For linear correlations (Figs. 1j, 3e and 6a,b and Extended Data Figs. 6e and 9a,b), we show the P value for the Pearson correlation coefficient. To exclude the possibility of conflating experiment-to-experiment variability with differences between cell types, we used ANCOVA controlling for a discrete effect of recording session (Figs. 3c,d and 5c and Extended Data Fig. 8a) quoting the significance of a main effect of the continuous variable. ANCOVA was also used to test whether a continuous transcriptomic variable assigned to each cell correlated significantly with state modulation even after controlling for subtype and recording session (Fig. 3e and Extended Data Fig. 6e) and for subclass and recording session (Fig. 5c), and whether cortical depths of each subtype measured by coppaFISH and Patch-seq were correlated even within a subclass or type (Fig. 1j).

To test for the effect of tPC1 on pairwise correlations (Fig. 5d and Extended Data Fig. 8c–e), we sorted types by tPC1 and computed their pairwise correlation matrix as described above. We used a permutation test to ask whether values close to the diagonal were larger than values far from the diagonal. As test statistic we used the difference between the mean correlation values one or two steps away from the diagonal, and the mean of all other type pairs (Extended Data Fig. 8f). We constructed a null distribution by recomputing this statistic after permuting the order of the types 10,000 times. Again, the P values are one-tailed for this shuffling test.

Box plots

To show the distributions of physiological properties within a cell population, we used box plots (Figs. 3b and 4c,d and Extended Data Figs. 6c,d and 7a–g). In these plots, the central black circles represent the median; the left and right edges of boxes represent the 25th and 75th percentiles; and the whiskers extend to the most extreme data points (excluding outliers more than 1.5 times the interquartile range from the box, which are plotted as small black dots).

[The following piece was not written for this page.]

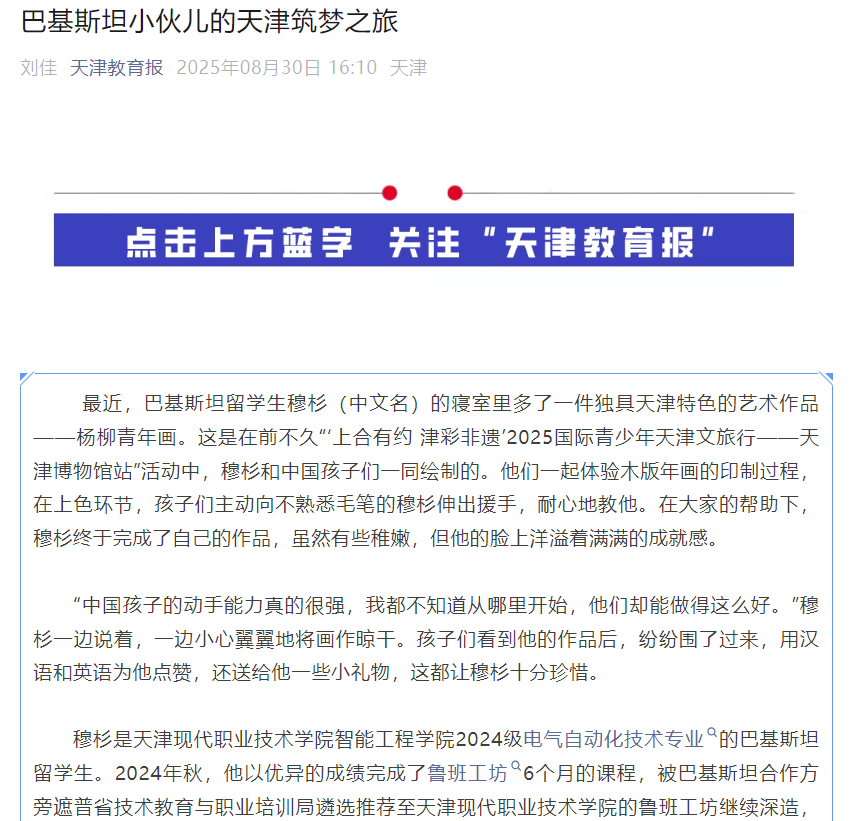 来到天津后,穆杉发现这里的一切都与他熟悉的巴基斯坦不同。教室里先进的设施、同学之间对专业知识的交流、全国技能大赛总决赛期间的观摩,都让他感到新奇和兴奋。尽管语言交流上有障碍,但老师们的耐心解答、同学们的热心帮助,以及学院学生会留学生部的关怀,让他逐渐克服了困难。

Statistics and reproducibility

The cell shown in Extended Data Fig. 1c is a representative example of the 1,090 cells that were recorded and processed with coppaFISH. The registration example shown in Fig. 1b–e is a representative example of the 99 slices (over n = 4 mice) that we have successfully aligned to the in vivo z-stacks. The nine cells shown in Extended Data Fig. 4a,b are representative examples of the 117 molecularly identified cells recorded in the same session as shown in Fig. 2. All experiments were performed on four independent mice, and the results were reliably replicated across all mice. We did not use statistical methods to pre-determine sample sizes. However, our sample sizes are similar to those reported in previous publications using a similar approach25,26. Our study did not contain experimental groups, so randomization and blinding do not apply.

Reporting summary

Further information on research design is available in the Nature Research Reporting Summary linked to this paper.